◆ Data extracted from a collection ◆
+++++
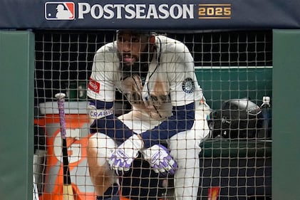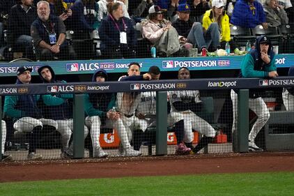 Mariners turn to look dejected from the dugout Seattle Mariners players watch from the dugout during the ninth inning in Game 4 of baseball's American League Championship Series against the Toronto Blue Jays, Thursday, Oct. 16, 2025, in Seattle. (David J. Phillip/AP)
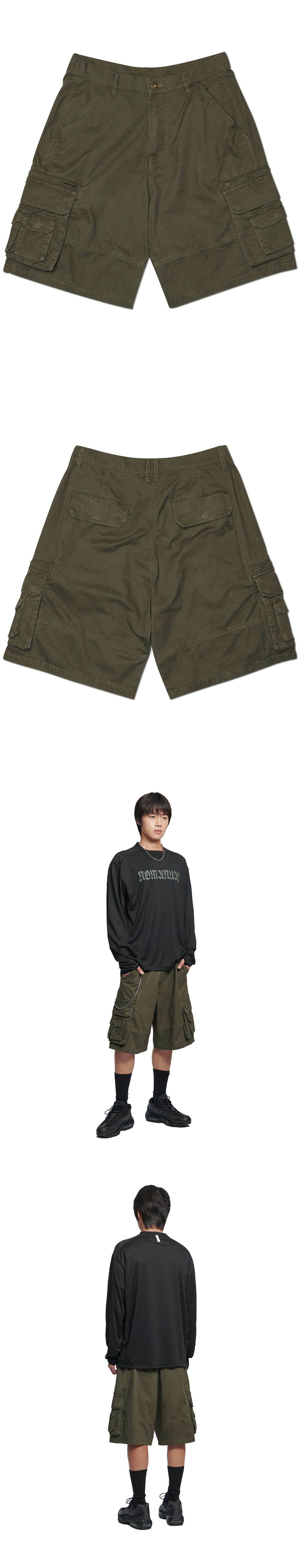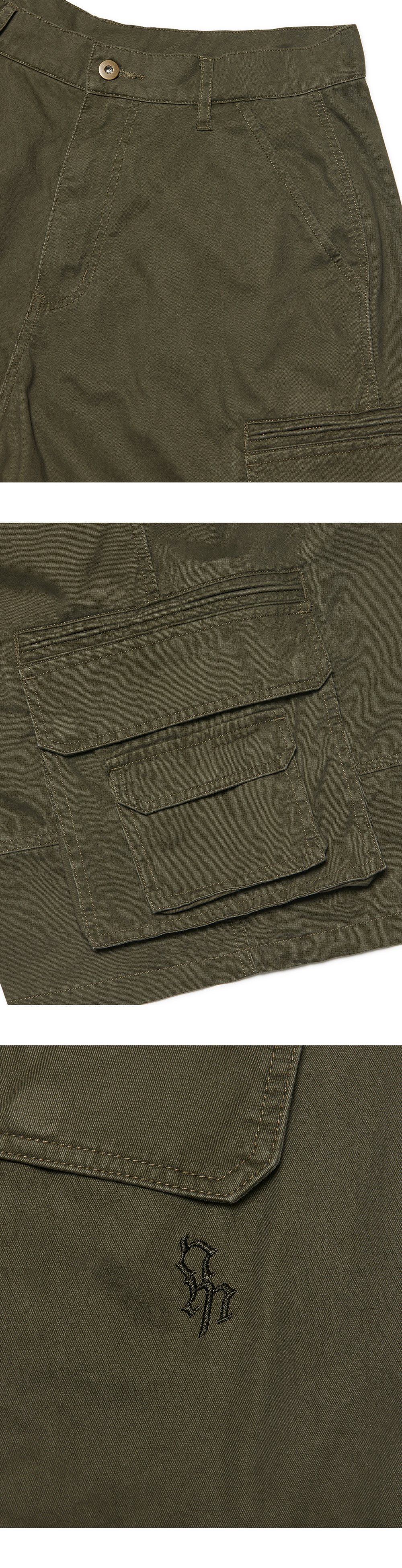노매뉴얼 워시드 카고 쇼츠 올리브
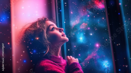 A young woman gazes out a window at a colorful nebula, her eyes filled with wonder and curiosity.
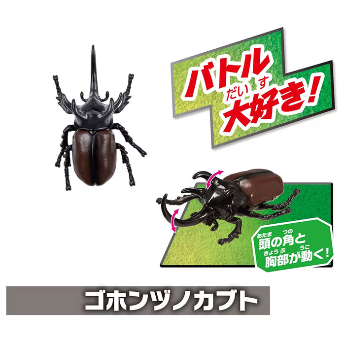 ゴホンヅノカブトは、頭の角、胸部が動きます。
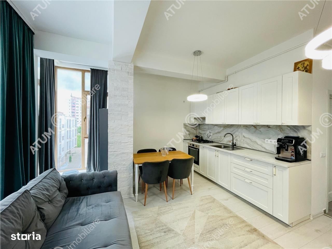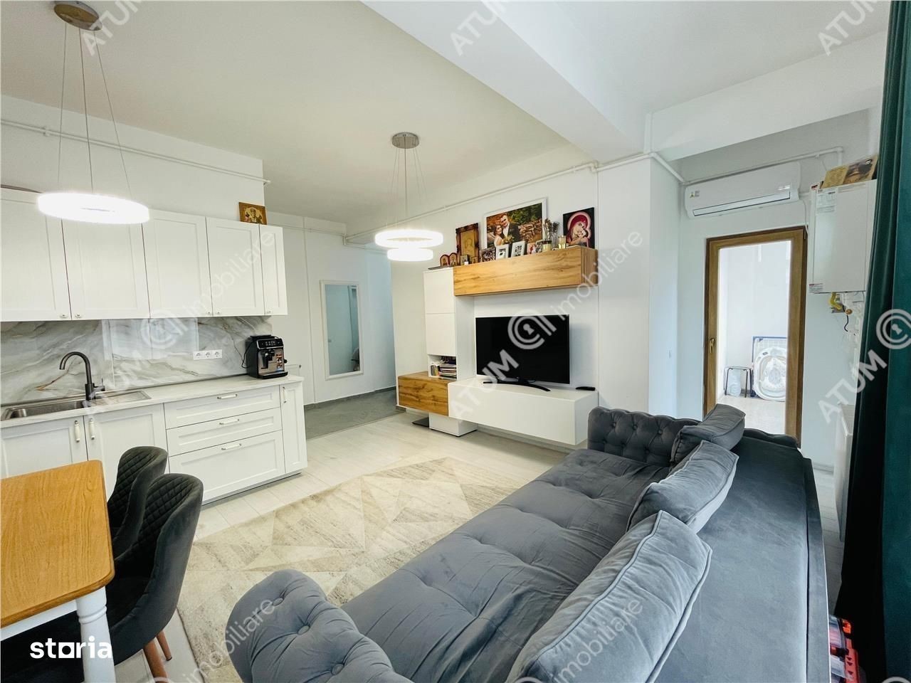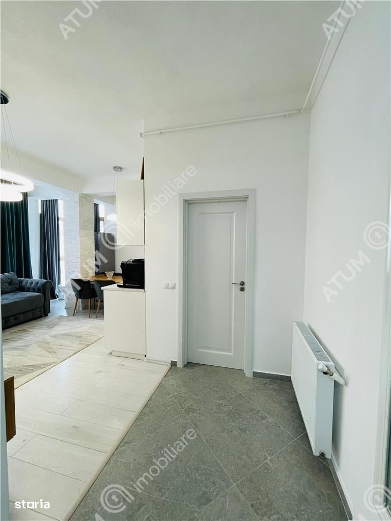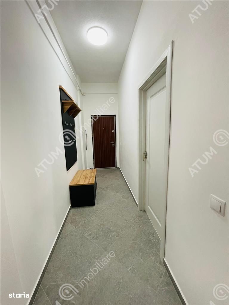 Apartament cu 2 camere decomandate de vanzare in Sibiu, pozitionat la etajul 1 din 2 al unui imobil construit in anul 2024 ce dispune de parcare proprie, acces securizat si izolatii exterioare, situat pe strada Octavian Goga la aproximativ 300 m fata de strada Semaforului si centrele comerciale. Locuinta are 49 mp utili si este compusa din camera de zi cu bucatarie open-space, un dormitor, o baie cu cabina de dus si un hol cu spatiu pentru pantofar si cuier. Separat de suprafata utila apartamentul dispune de un balcon de 5 mp in care accesul se face din camera de zi si dormitor. Apartamentul se vinde complet mobilat si utilat, bucataria dispune de mobilier la comanda cu electrocasnice incorporate, plita pe gaz, cuptor electric, hota, frigider, masina de spalat rufe si TV in camera de zi. Camera de zi este aerisita, cu decoruri mari si multa lumina naturala, aceasta incapere este divizata in 2 zone: de relaxare si de servit masa - ambele fiind complet mobilate. Dormitorul este generos, complet mobilat, iar baia este amenajata modern si dipune de obiecte sanitare de calitate. Valoarea apartamentului este de 95000 euro negociabil, se poate achizitiona si cu credit ipotecar. ID intern: 2714.
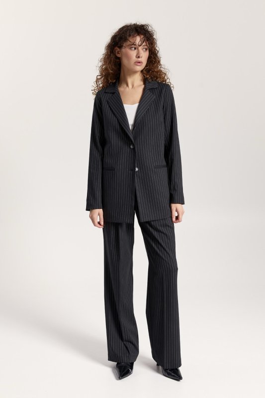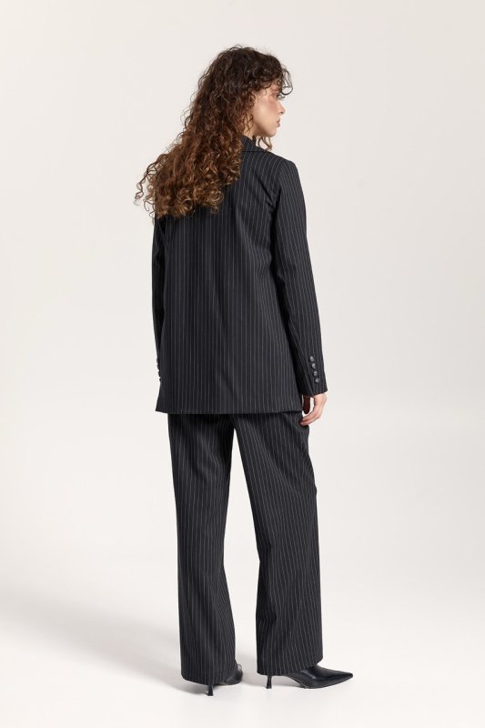 Штани: прямого крою, на талії шльовки для знімного поясу. Застібка: ґудзик і прихована блискавка. Передні половинки зі стрілками та складками. Кишені розташовані в бічних швах. Задні половинки з виточками.
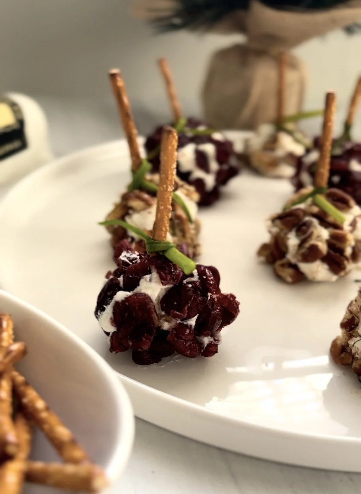 These festive mini goat cheese balls are the easiest holiday bites to bring cheer to your table
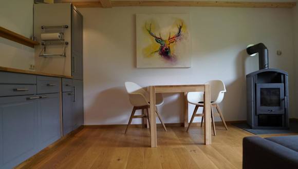 Das Ferienhaus verfügt über ein Schlafzimmer, ein Wohnzimmer mit einem Flachbild-TV und einem gemütlichen Kamin sowie eine voll ausgestattete Küche mit einem Kühlschrank und einer Mikrowelle. Das Badezimmer ist mit einer Dusche ausgestattet. Handtücher und Bettwäsche werden gestellt, so dass Sie sich um nichts kümmern müssen. Von der Terrasse aus können Sie den herrlichen Blick auf die Berge genießen.
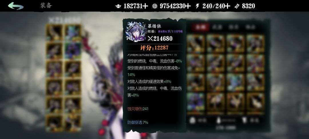 号三:除武器外其余装备几乎3宗师+铸炼毕业,红3绿卡只有醉青鸾
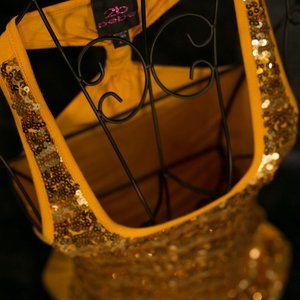 2b bebe yellow mustard / orange sequin tank top - size XS
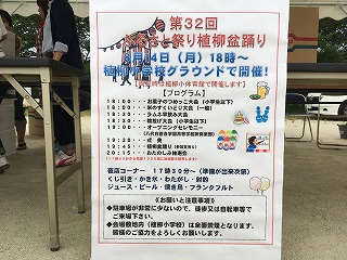 | ☆8月15日(火) ○ふるさと祭りが行われました ・8月14日(月)植柳小グラウンドで「第32回ふるさと祭り植柳盆踊り」が行われました。 【ふるさと祭りの様子】 ・危ぶまれた天候でしたが、雨が降ることもなく、多くの人で賑わいました。 【プログラム】 【午後4時から準備をしました】 ・提灯と電球の取り付けをしています。 【出店の準備の様子】 ・今年度は運動場の奥に出店が並びました。 【盆踊りの様子】 ・伝統の盆踊り。盆踊り保存会や地域の方が一緒に踊り、初盆の方や先祖の供養をしました。 |
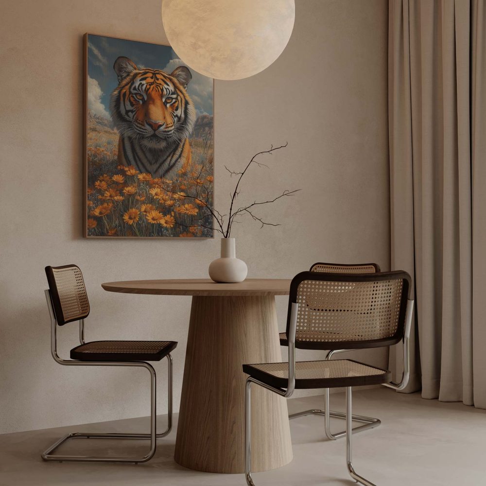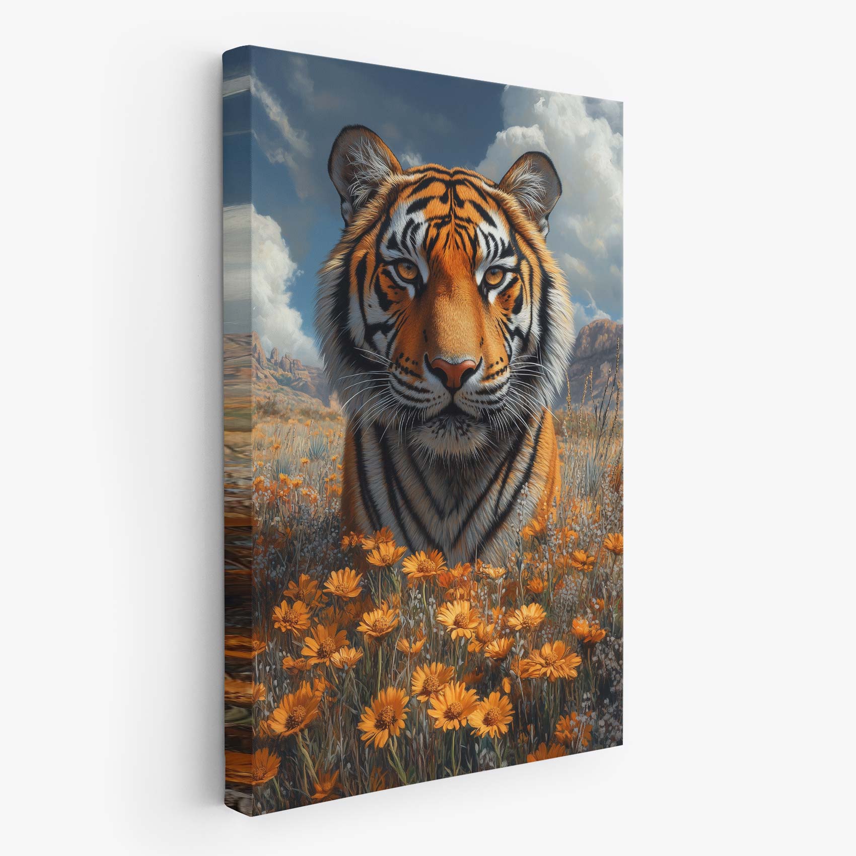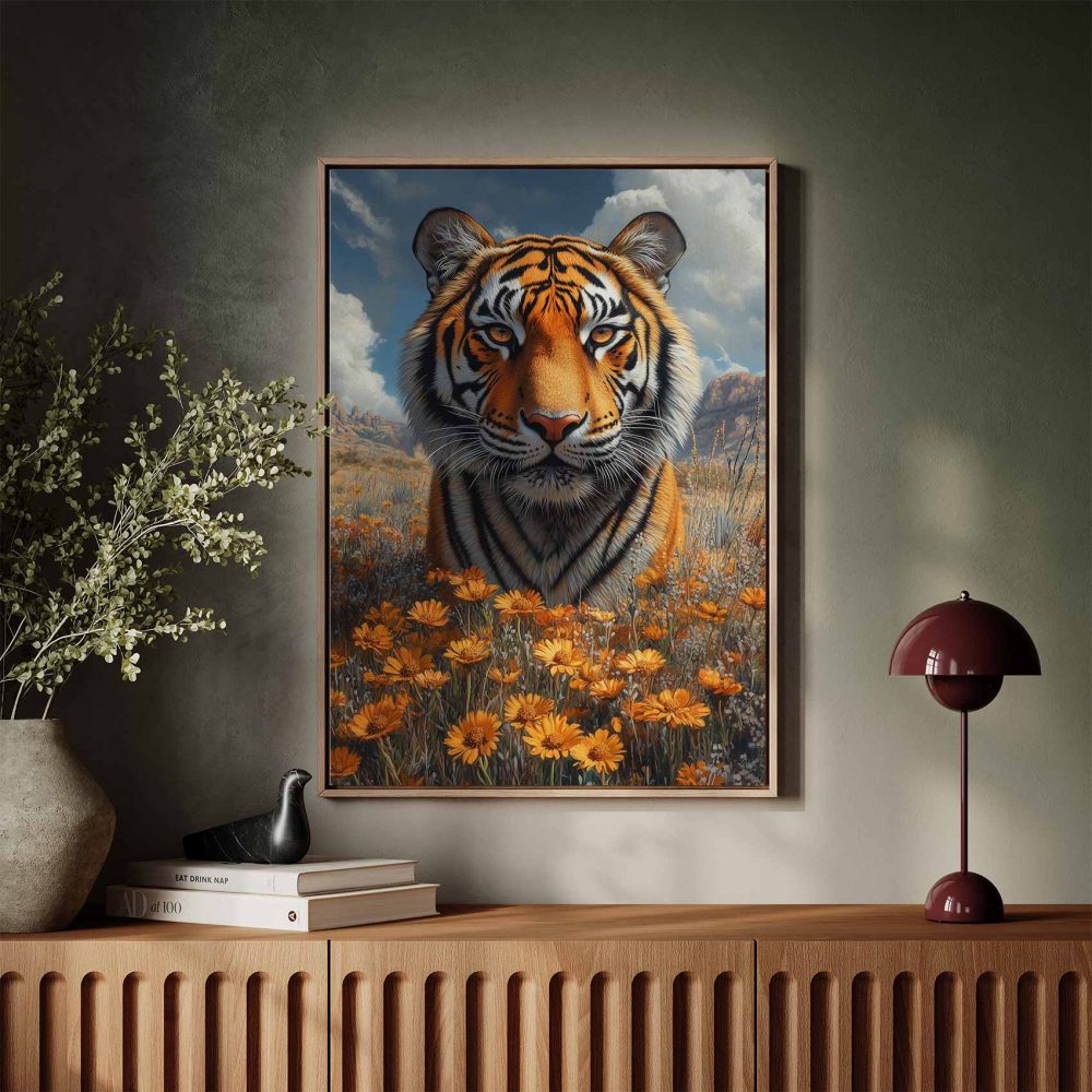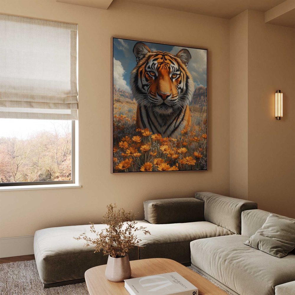 Terug naar collectie / Schilderijen / Bergen Schilderij / Majestueuze tijger in bloemenveld
+++++
◆ PROBLEM TO WORK ON ◆
In the data above, take the line with "노매뉴얼 워시드 카고 쇼츠 올리브", the line with "ゴホンヅノカブトは、頭の角、胸部が動きます。", and every line between, and set them down exactly without pictures.

◆ ANSWER BOX ◆
노매뉴얼 워시드 카고 쇼츠 올리브
 A young woman gazes out a window at a colorful nebula, her eyes filled with wonder and curiosity.
 ゴホンヅノカブトは、頭の角、胸部が動きます。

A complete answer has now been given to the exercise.